Depuis, il décampait
devant les représentants
de la loi et
devait le faire
à pied puisque
dans
l'animation, il
avait été
contraint
d'abandonner son
cheval. Son fidèle
ami était resté
attaché devant
le saloon et
John ignorait
s'il pourrait un
jour le récupérer.
La
nuit était
douce et chaude.
Une pleine lune
éblouissante
aurait inondé
le ciel de
lueurs cadavériques
si ce n'avait été
de la masse
nuageuse qui
l'enveloppait
presque
continuellement.
Un coup de
chance pour le
fuyard.
John
circulait
librement depuis
un quart d'heure
lorsqu'un bruit
de sabots
martelant le sol
s'amplifia derrière
lui. Il eut à
peine le temps
de se mettre à
l'abri derrière
un rocher que déjà,
ils arrivaient.
Le fugitif
sortit son
revolver. D'un
geste vif, il
pointa l'arme et
tira au hasard.
Ses poursuivants
abandonnèrent
leurs montures
pour se réfugier
dans les fourrés
de chaque côté
du chemin en
soulevant un
nuage de poussière.
Le sable emplit
ses narines. Il
en eut à peine
conscience.
Ses
muscles gorgés
de sang
palpitaient sous
la tension. Son
corps
accomplissaient
des gestes précis,
sans faille,
dicté seulement
par son
instinct, gestes
qu'il aurait été
incapable
d'accomplir dans
un autre
contexte.
Le
fuyard jeta un
oeil sur les
fourrés où il
croyait avoir
repéré ses
assaillants. Il
ne parvenait pas
à les
apercevoir dans
l'obscurité. Il
leva les yeux
vers le ciel.
Les nuages
recouvraient
abondamment
l'astre lunaire
et ne laissaient
rien percer.
John crut
deviner un
mouvement sur sa
droite. Il
pointa son arme
dans cette
direction. Rien
ne bougea. Il détourna
vivement la tête
vers l'autre côté
et aperçut une
ombre qui
traversait la
route. Il visa
et tira presque
en même temps.
La silhouette s'écrasa
au sol en
hurlant de
douleur, puis
tout redevint
silencieux.
John
avait le souffle
court. Il
tournoyait dans
tous les sens à
la recherche
d'un éventuel
agresseur
sortant de nulle
part. Aux
aguets, il écoutait
attentivement
les bruits de la
nuit quand il
devina, plus
qu'il
n'entendit,
rouler une
pierre sur le
sable.

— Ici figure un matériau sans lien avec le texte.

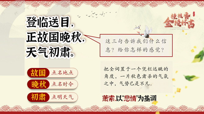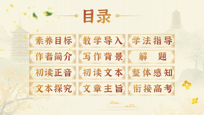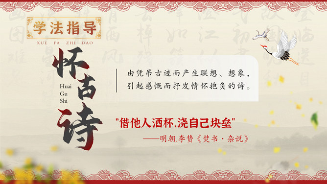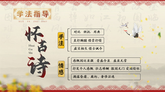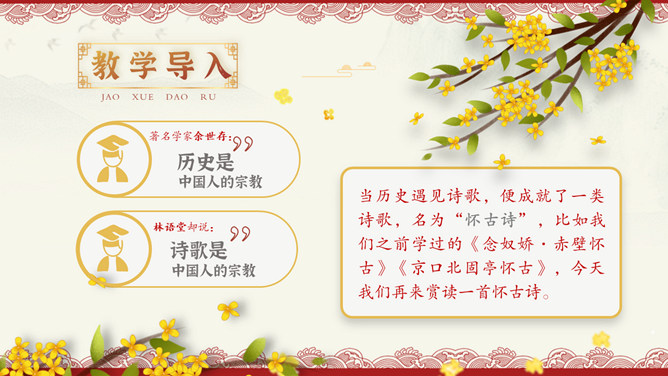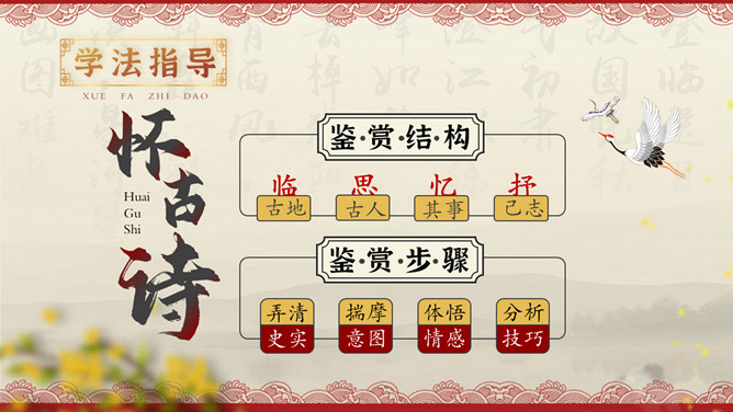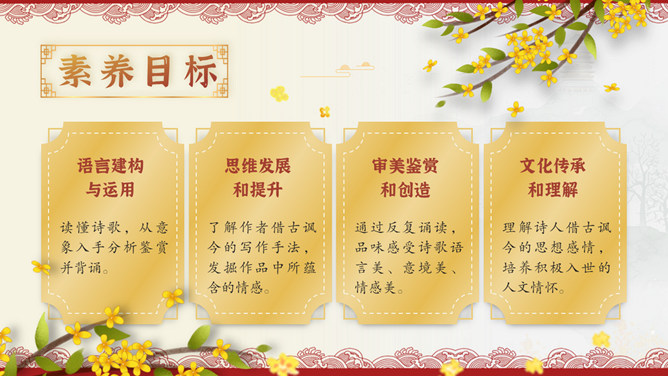 读懂诗歌,从意象入手分析鉴赏并背诵。了解作者借古讽今的写作手法,发掘作品中所蕴含的情感。通过反复诵读,品味感受诗歌语言美、意境美、情感美。理解诗人借古讽今的思想感情,培养积极入世的人文情怀。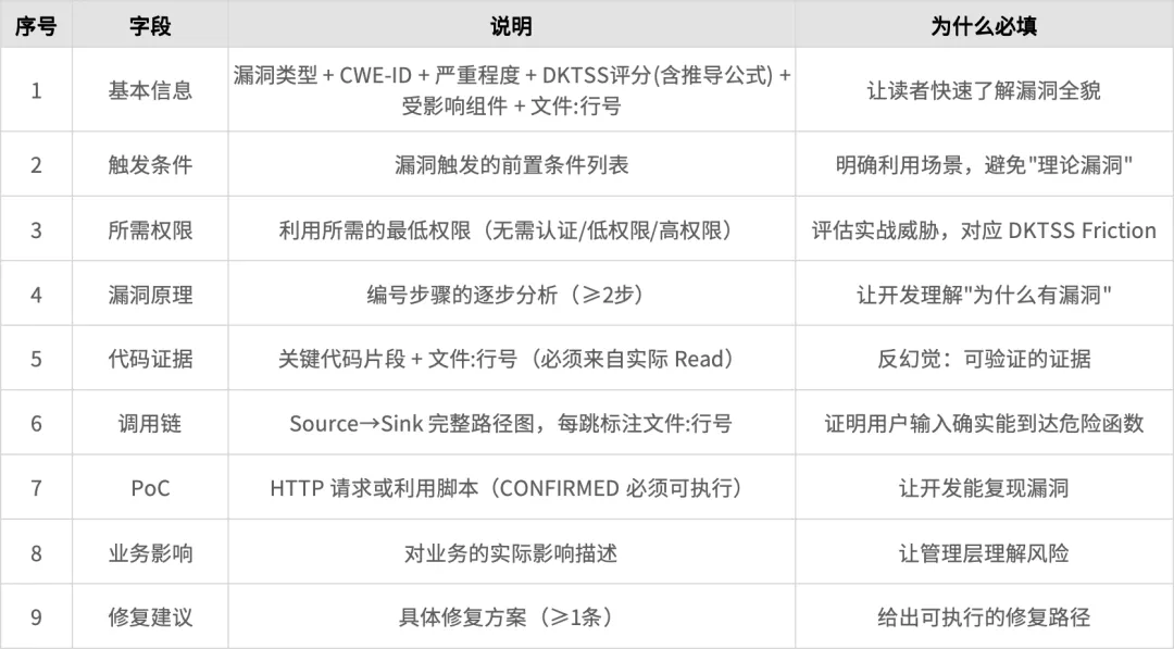 可信度:9 个必填字段 + 字段完整性检查 = 每个漏洞都有完整证据链,开发团队不会质疑"这是不是 AI 编的"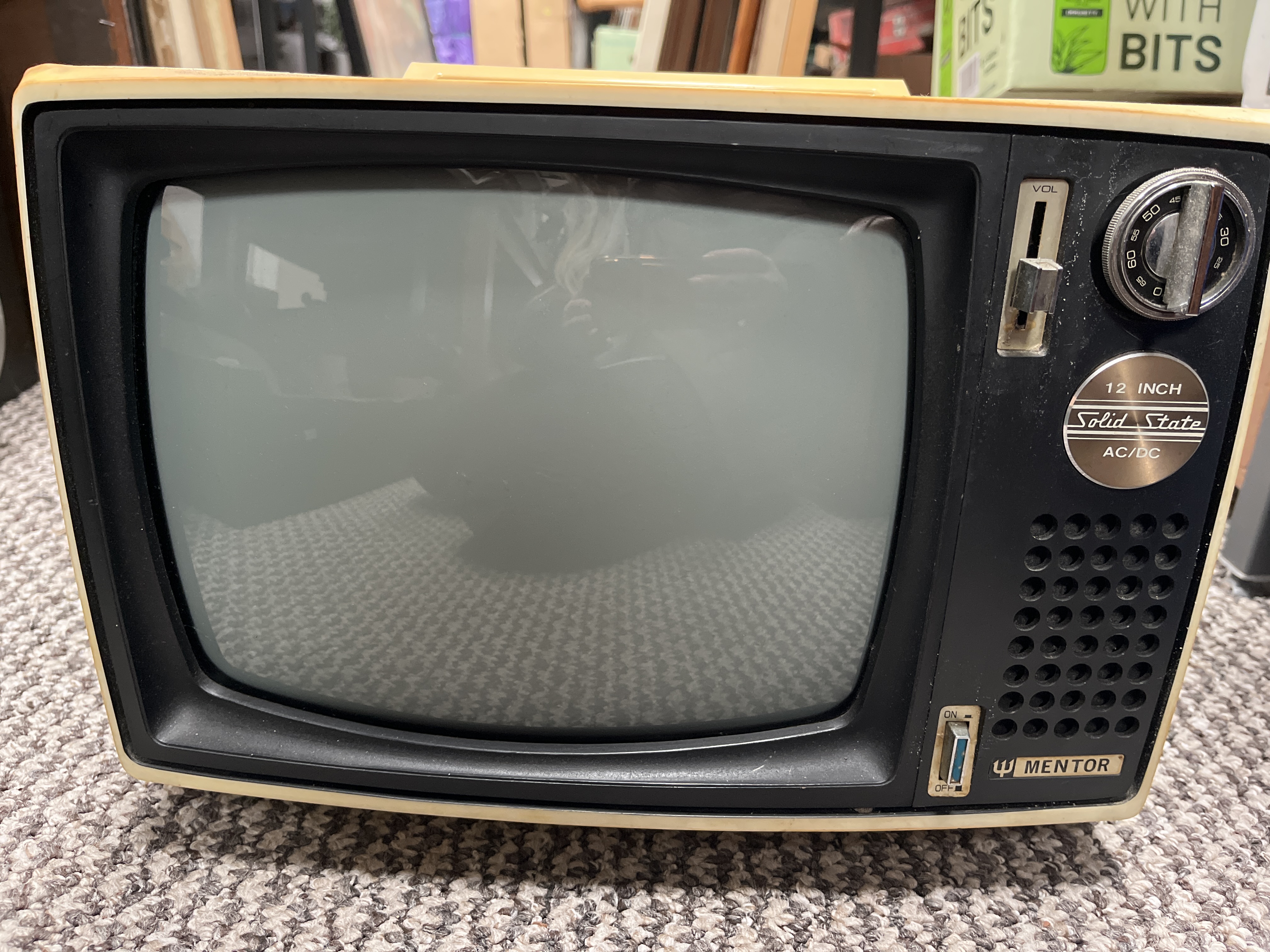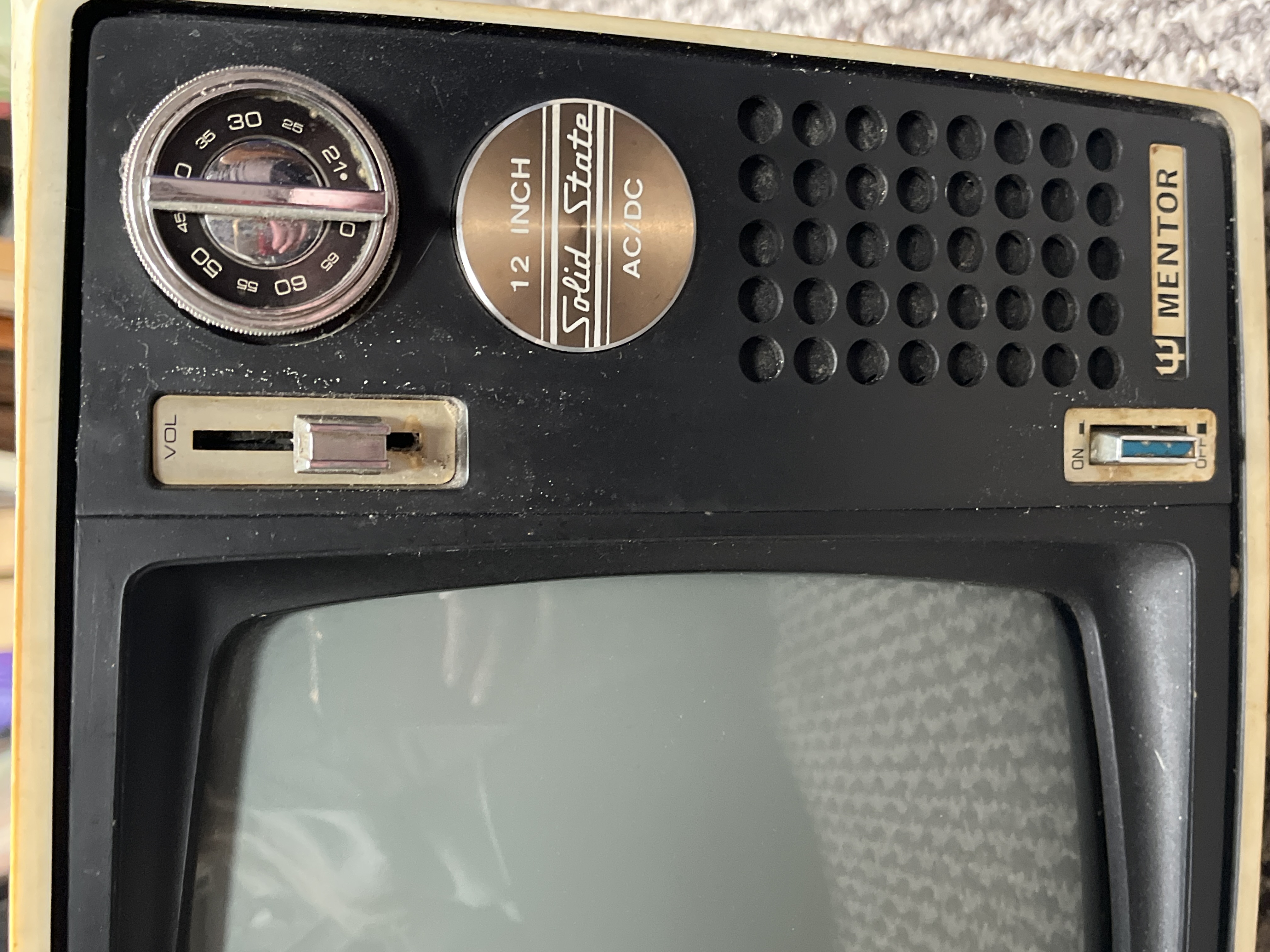 A vintage Mentor 12-inch portable solid state television featuring a two-tone cream and black plastic casing. The front interface is configured with a vertical sliding volume control, a circular channel tuning dial, and a toggle on/off switch. The unit displays a circular metallic-finish emblem inscribed 12 INCH Solid State AC/DC. A nameplate to the lower right identifies the maker as Mentor accompanied by a trident logo. The fascia includes a perforated speaker grille.

Au même
moment, un rayon
de lune parvint
à percer les
nuages et éclaira
la scène.
Le
shérif Wayne se
tenait à trois
mètres sur sa
droite. Il était
debout, droit
comme un
"i" et
le tenait en
joue avec une
carabine à long
canon qui aurait
sûrement pu
abattre un ours
à 30 mètres.
John était figé
de terreur. Il
n'osait rien
tenter de peur
de déclencher
les hostilités
et attendait, il
ne savait trop
quoi. N'importe
quoi en fait,
pourvu que ça
vienne changer
le cours du
temps et lui
redonner le
dessus sur le
redoutable homme
de loi.
Le
shérif abaissa
son arme
l'espace d'un
instant. Juste
le temps pour
John de voir
apparaître un
sourire narquois
sur ses lèvres.
John retint son
souffle. Le représentant
de la loi releva
lentement sa
carabine et visa
droit au coeur.
Le fuyard
tentait un geste
désespéré
vers son arme
lorsque...
«
Jean! cria sa mère.
Jean! Si tu ne
viens pas tout
de suite, tu
passeras sous la
table. C’est
la dernière
fois que je te
le dis,
ajouta-t-elle
sur un ton
bourru avant de
refermer la
porte dans un
claquement sec.
»
Les
trois gamins se
regardèrent
d'un air désolé.
Elle ne pouvait
pas plus mal
tomber. Juste
comme "Jean-John"
le fugitif
allait enfin
payer pour ses
crimes de la
main même du
redoutable shérif
"Alex-Al"
et que peut-être
que "Stéphan-Stef"
l'adjoint allait
se relever
miraculeusement
ressuscité pour
reprendre le jeu
et participer à
l'exécution du
méchant
tricheur. Non,
vraiment l'heure
du repas était
bien mal tombée.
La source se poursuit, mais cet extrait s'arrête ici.